- [What is expected]: Each line from the one with "奥林匹克森林公园,许多人和家人共同出游,共享春色。一名女孩正在与家人合照。 中青在线记者 白杨/摄" through the final line of the entries below must be printed exactly, and the pictures must not be.
START Provided data
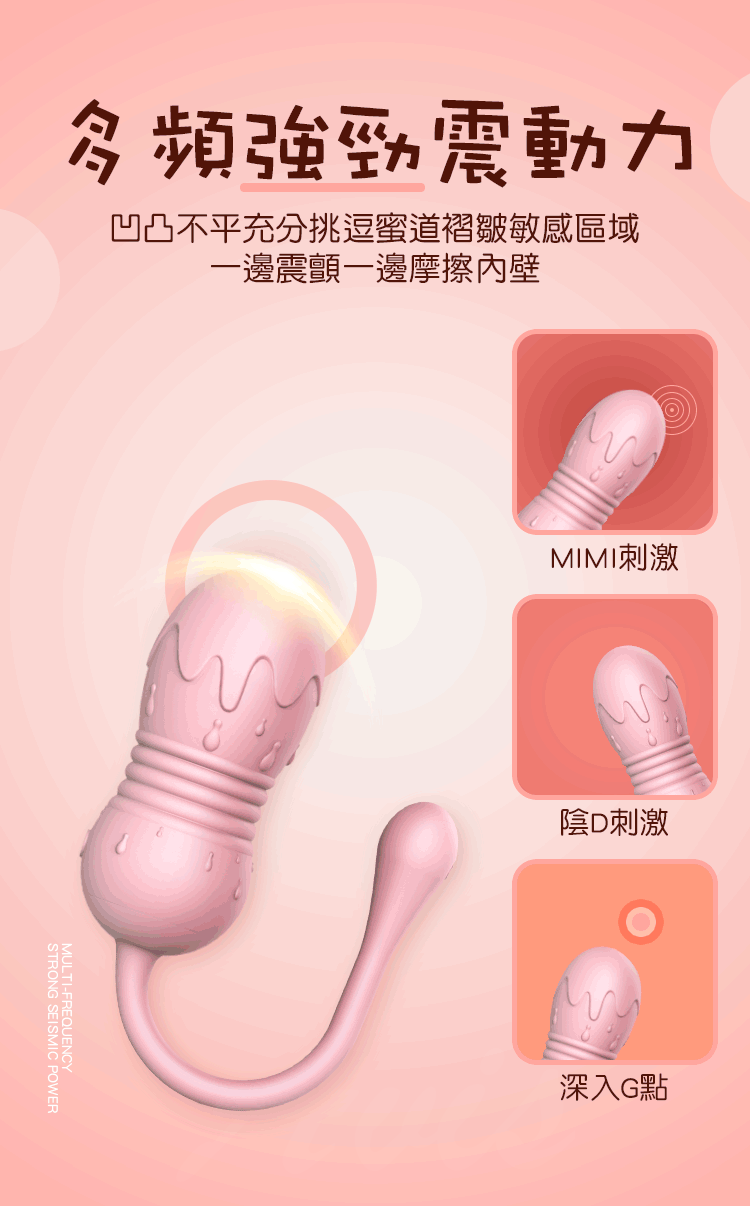 功能:8段伸縮變頻震動、生活防水、無線遙控
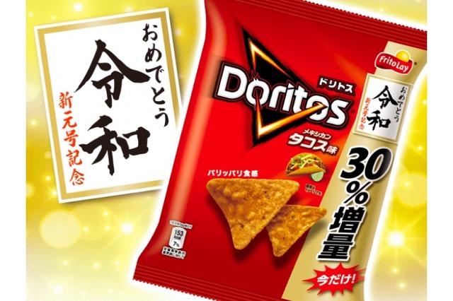 そんな「昭和」「平成」の時代で長年にわたり販売され続けてきた同ブランドから、「令和」への新たな時代への幕開けを祝い、「ドリトス メキシカン・タコス味」を30%増量した「おめでとう令和 30%増量バージョン」が発売になります。
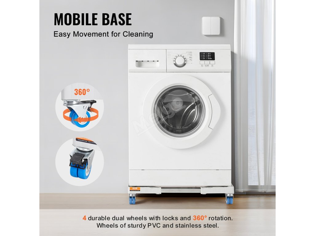 S tímto přenosným stojanem lze pračku snadno přemístit a zabezpečit, takže čištění je hračka a žádný kout nezůstane nedotčený, když spotřebič přemístíte.
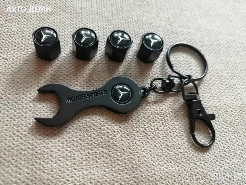 Продавам качествени неръждаеми капачки за вентили с ключодържател марка Моторспортс д емблеми на Мерцедес Бенц.
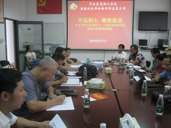 三个同志重点发言后,老师们自由发展,从不同角度谈了学习近平总书记七一讲话的体会,也对做好本学期的工作提了几条建议。如提出要成立红色诗社,吸引有兴趣的同学参加,老师做指导,要把“东莞故事”教学内容准备充分,形成自己的品牌,还如何发挥传统文化在思想教育中的作用进行了探讨。
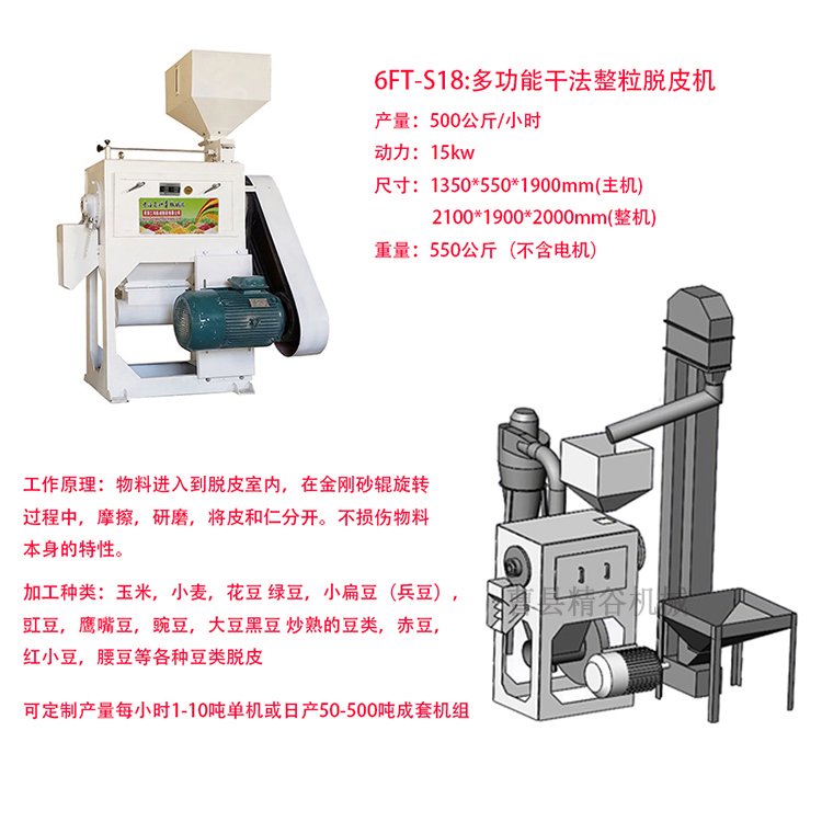 适用于S18整粒脱皮机,多功能脱皮机,用于扁豆,绿豆等多种豆类脱皮,脱皮率高,成品率高,对原粮胚芽不破坏,主要利用内置的金刚砂辊高速旋转,金刚砂石对原粮表皮摩擦,分离表皮与豆仁,表皮通过内置的吸风除尘系统排出,脱皮后的豆仁都出口流出,使用于玉米,小麦,花豆,绿豆,小扁豆(兵豆),豇豆,鹰嘴豆,豌豆,大豆,黑豆,炒熟的豆类,赤豆,红小豆,腰豆等各种豆类脱皮。
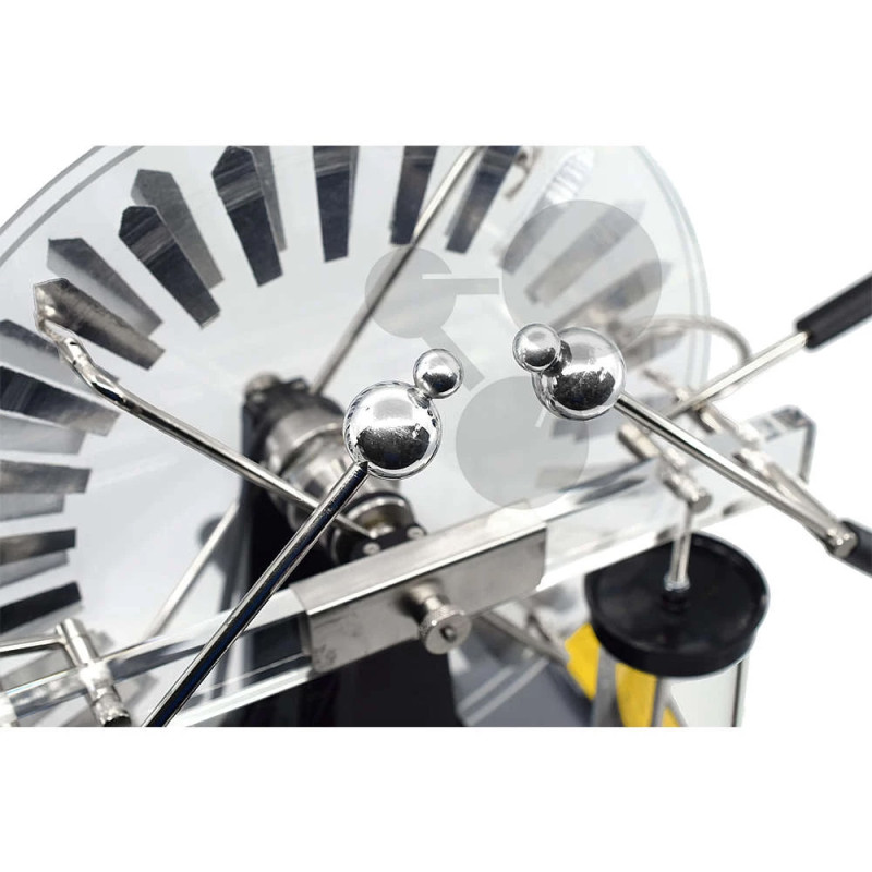 Zařízení je vybaveno ruční klikou s řemenovým pohonem a izolačními disky z plexiskla. Díky výraznému vizuálnímu efektu je ideální pro názornou demonstraci elektrostatických jevů ve výuce.
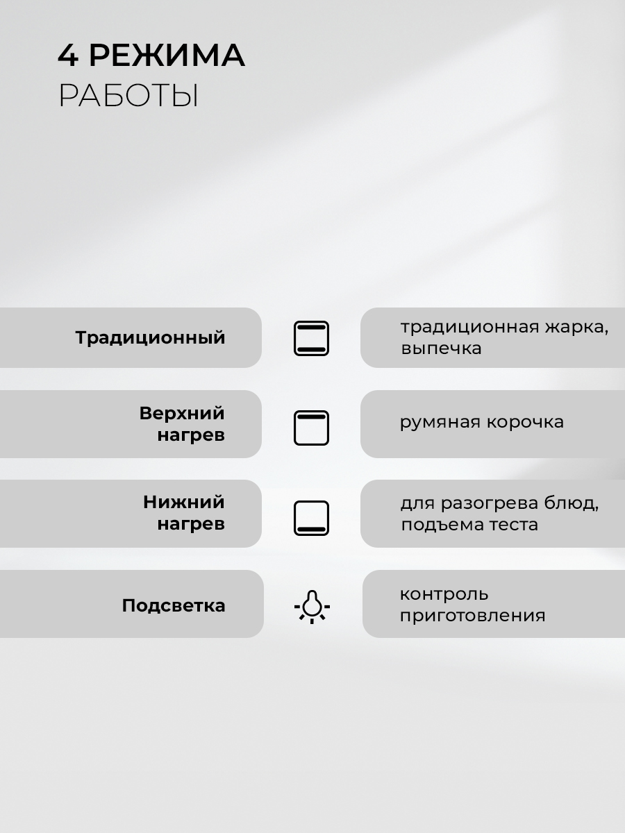Традиционный, верхний нагрев, нижний нагрев, подсветка
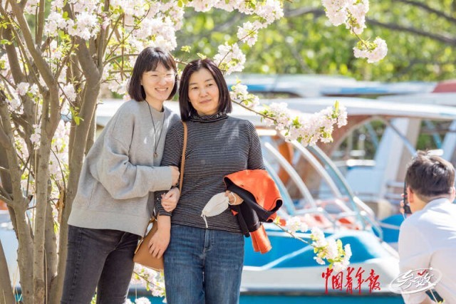 奥林匹克森林公园,许多人和家人共同出游,共享春色。一名女孩正在与家人合照。 中青在线记者 白杨/摄
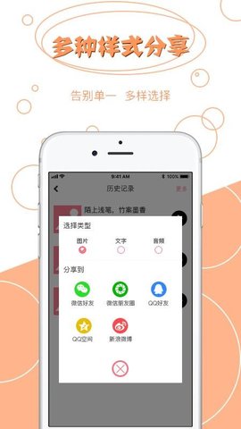 6、根据分享需求选择文字、图片或音频格式,挑选合适的分享渠道,将内容快速转发给他人,分享变得轻松快捷。
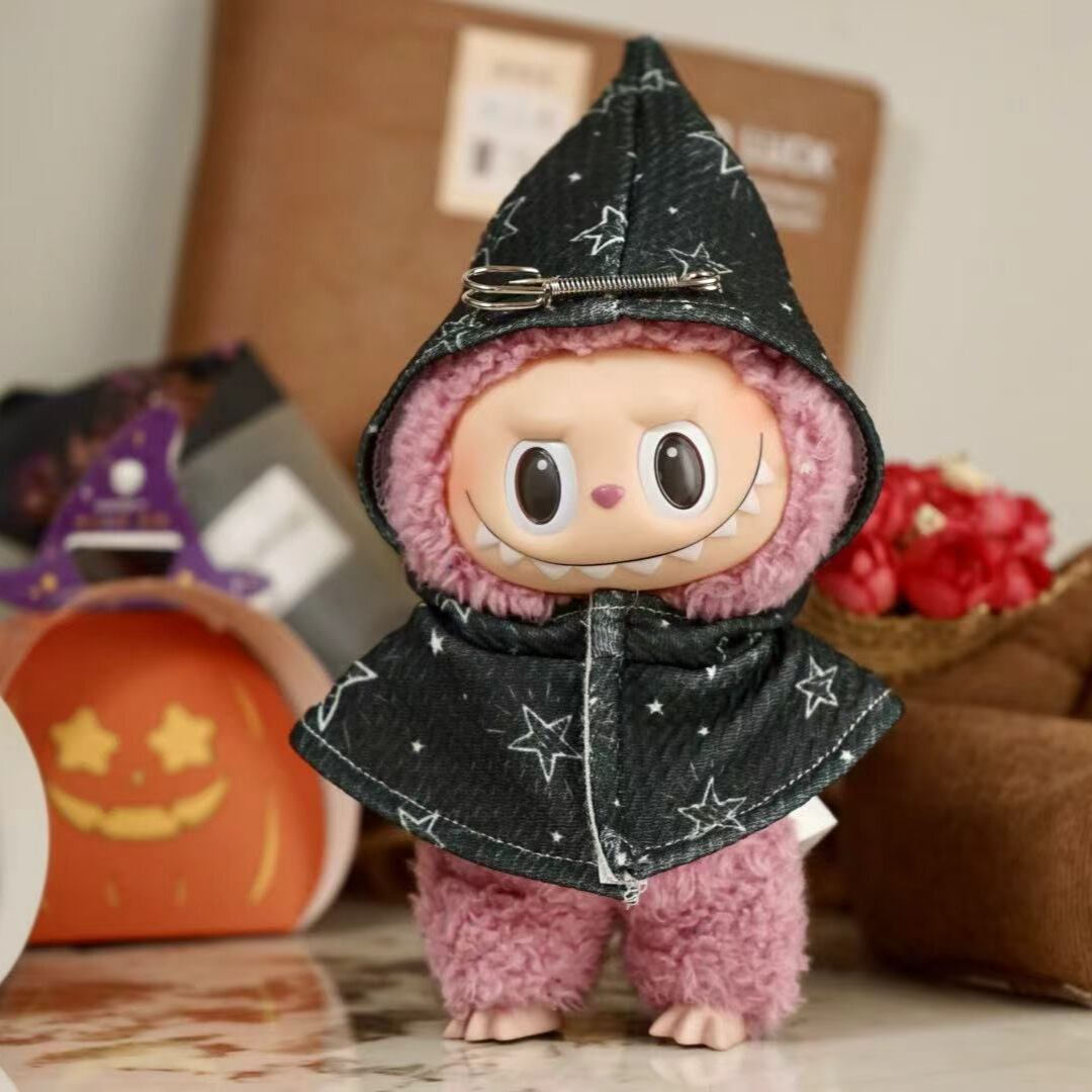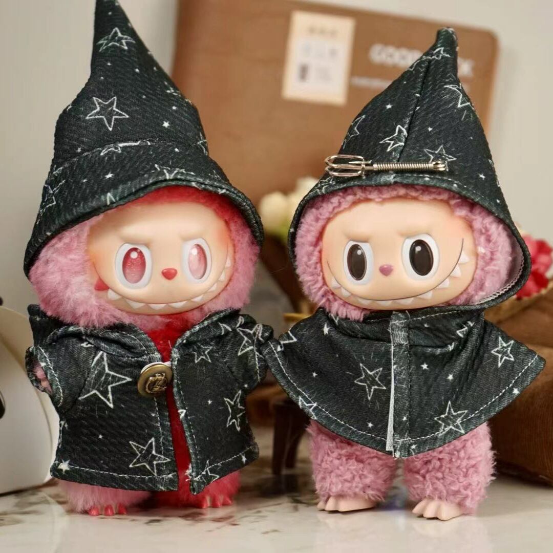 Labubu 1-3代用 ダークウィザード 星柄 マント/ショール+帽子 ラブブ ぬいぐるみ 着せ替え 服 2点セット ブラック
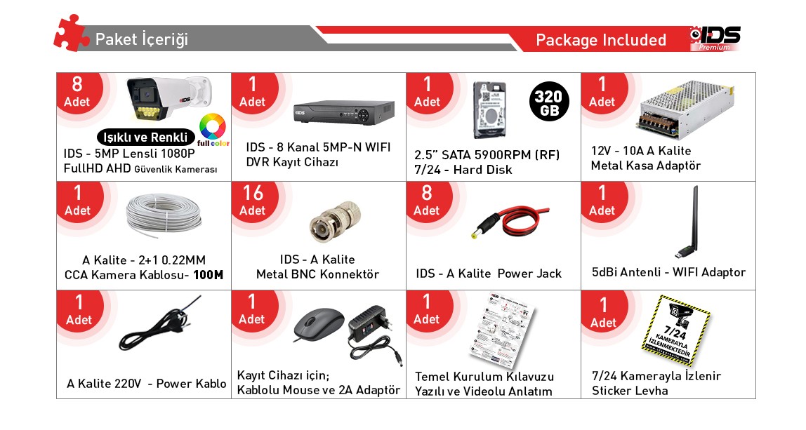 | Kamera Sayısı | 8 Kameralı Set |
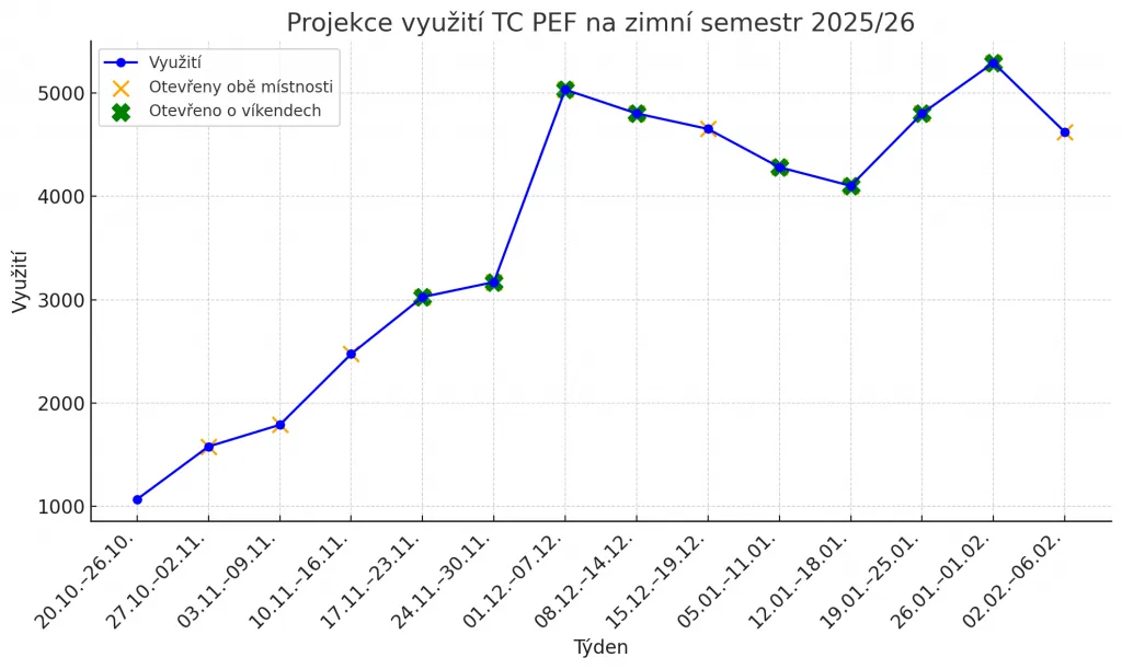 Obrázek: Projekce využití Testovacího centra PEF na zimní semestr 2025/26
END Provided data
- [Finished exercise]:
 奥林匹克森林公园,许多人和家人共同出游,共享春色。一名女孩正在与家人合照。 中青在线记者 白杨/摄
 6、根据分享需求选择文字、图片或音频格式,挑选合适的分享渠道,将内容快速转发给他人,分享变得轻松快捷。
 Labubu 1-3代用 ダークウィザード 星柄 マント/ショール+帽子 ラブブ ぬいぐるみ 着せ替え 服 2点セット ブラック
 | Kamera Sayısı | 8 Kameralı Set |
 Obrázek: Projekce využití Testovacího centra PEF na zimní semestr 2025/26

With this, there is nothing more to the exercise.